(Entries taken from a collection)
---+---

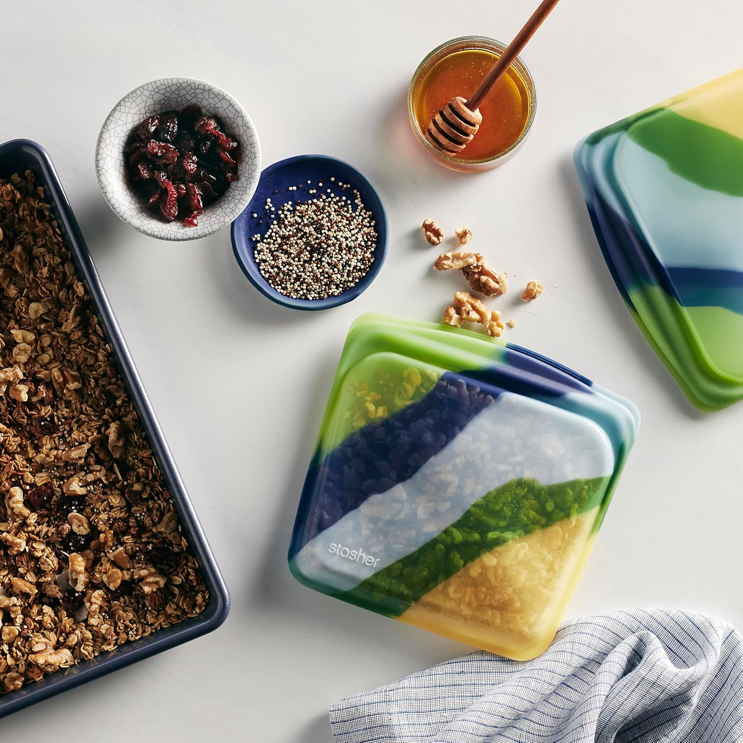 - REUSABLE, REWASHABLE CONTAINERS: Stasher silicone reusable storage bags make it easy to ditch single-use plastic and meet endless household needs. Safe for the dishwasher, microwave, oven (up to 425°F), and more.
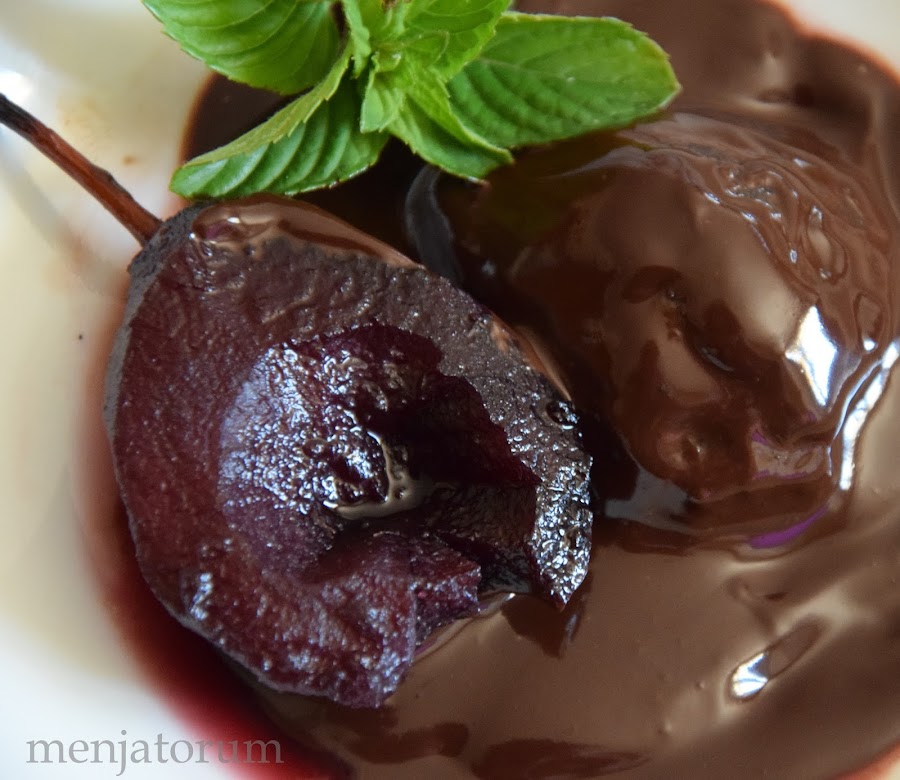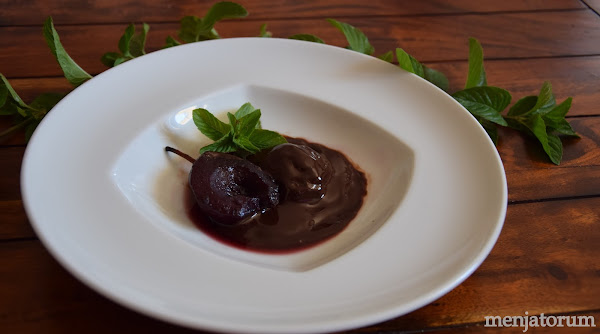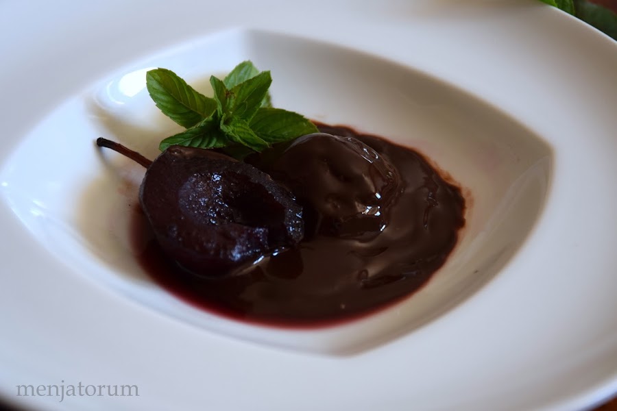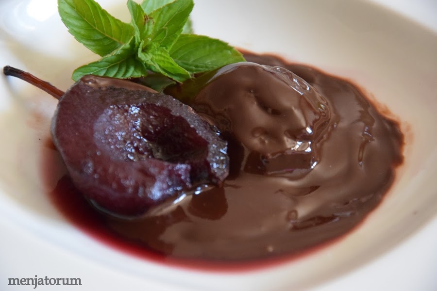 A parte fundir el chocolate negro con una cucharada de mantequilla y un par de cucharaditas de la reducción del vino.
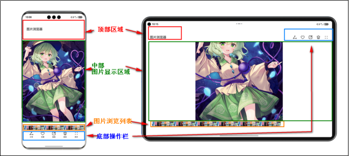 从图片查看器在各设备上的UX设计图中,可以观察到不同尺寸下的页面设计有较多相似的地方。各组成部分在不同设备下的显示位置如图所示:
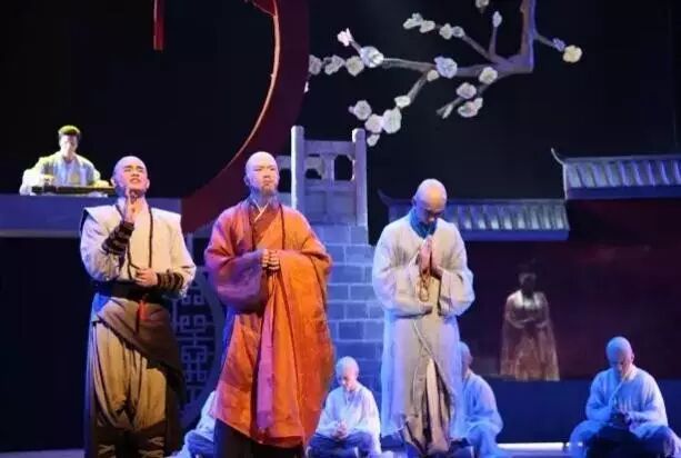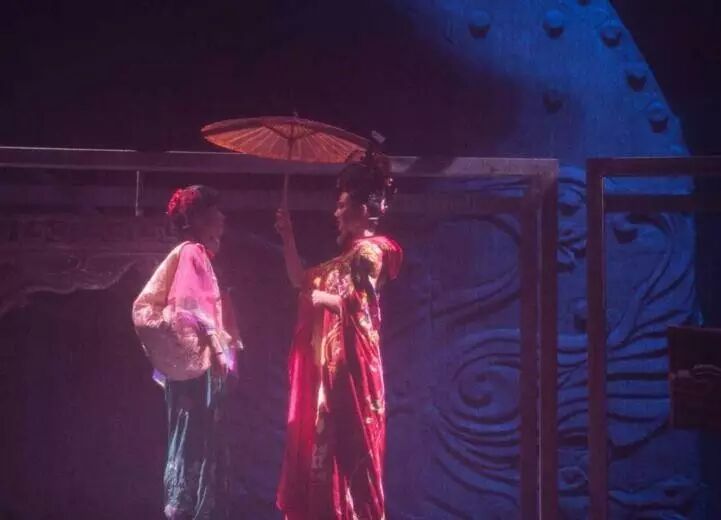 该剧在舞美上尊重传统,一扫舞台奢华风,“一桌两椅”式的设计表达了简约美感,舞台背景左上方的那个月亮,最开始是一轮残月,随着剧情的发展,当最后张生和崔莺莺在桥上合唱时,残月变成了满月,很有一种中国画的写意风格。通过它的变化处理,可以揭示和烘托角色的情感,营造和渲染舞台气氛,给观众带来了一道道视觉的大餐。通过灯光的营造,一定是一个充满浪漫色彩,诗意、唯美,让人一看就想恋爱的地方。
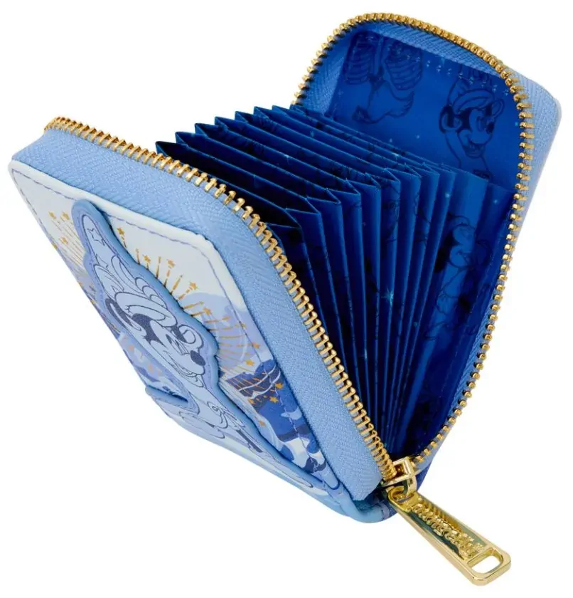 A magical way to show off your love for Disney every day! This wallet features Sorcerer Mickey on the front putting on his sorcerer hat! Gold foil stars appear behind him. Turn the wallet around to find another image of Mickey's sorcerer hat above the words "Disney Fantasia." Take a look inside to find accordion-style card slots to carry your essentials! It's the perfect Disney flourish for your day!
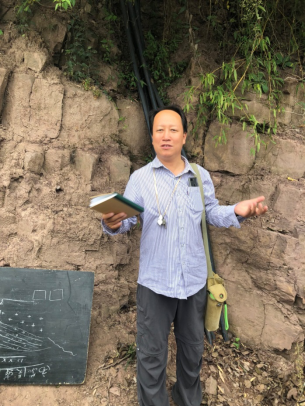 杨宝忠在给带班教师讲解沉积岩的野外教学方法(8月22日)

---+---

Would you please repeat each record exactly? Leave the pictures out.

 - REUSABLE, REWASHABLE CONTAINERS: Stasher silicone reusable storage bags make it easy to ditch single-use plastic and meet endless household needs. Safe for the dishwasher, microwave, oven (up to 425°F), and more.
 A parte fundir el chocolate negro con una cucharada de mantequilla y un par de cucharaditas de la reducción del vino.
 从图片查看器在各设备上的UX设计图中,可以观察到不同尺寸下的页面设计有较多相似的地方。各组成部分在不同设备下的显示位置如图所示:
 该剧在舞美上尊重传统,一扫舞台奢华风,“一桌两椅”式的设计表达了简约美感,舞台背景左上方的那个月亮,最开始是一轮残月,随着剧情的发展,当最后张生和崔莺莺在桥上合唱时,残月变成了满月,很有一种中国画的写意风格。通过它的变化处理,可以揭示和烘托角色的情感,营造和渲染舞台气氛,给观众带来了一道道视觉的大餐。通过灯光的营造,一定是一个充满浪漫色彩,诗意、唯美,让人一看就想恋爱的地方。
 A magical way to show off your love for Disney every day! This wallet features Sorcerer Mickey on the front putting on his sorcerer hat! Gold foil stars appear behind him. Turn the wallet around to find another image of Mickey's sorcerer hat above the words "Disney Fantasia." Take a look inside to find accordion-style card slots to carry your essentials! It's the perfect Disney flourish for your day!
 杨宝忠在给带班教师讲解沉积岩的野外教学方法(8月22日)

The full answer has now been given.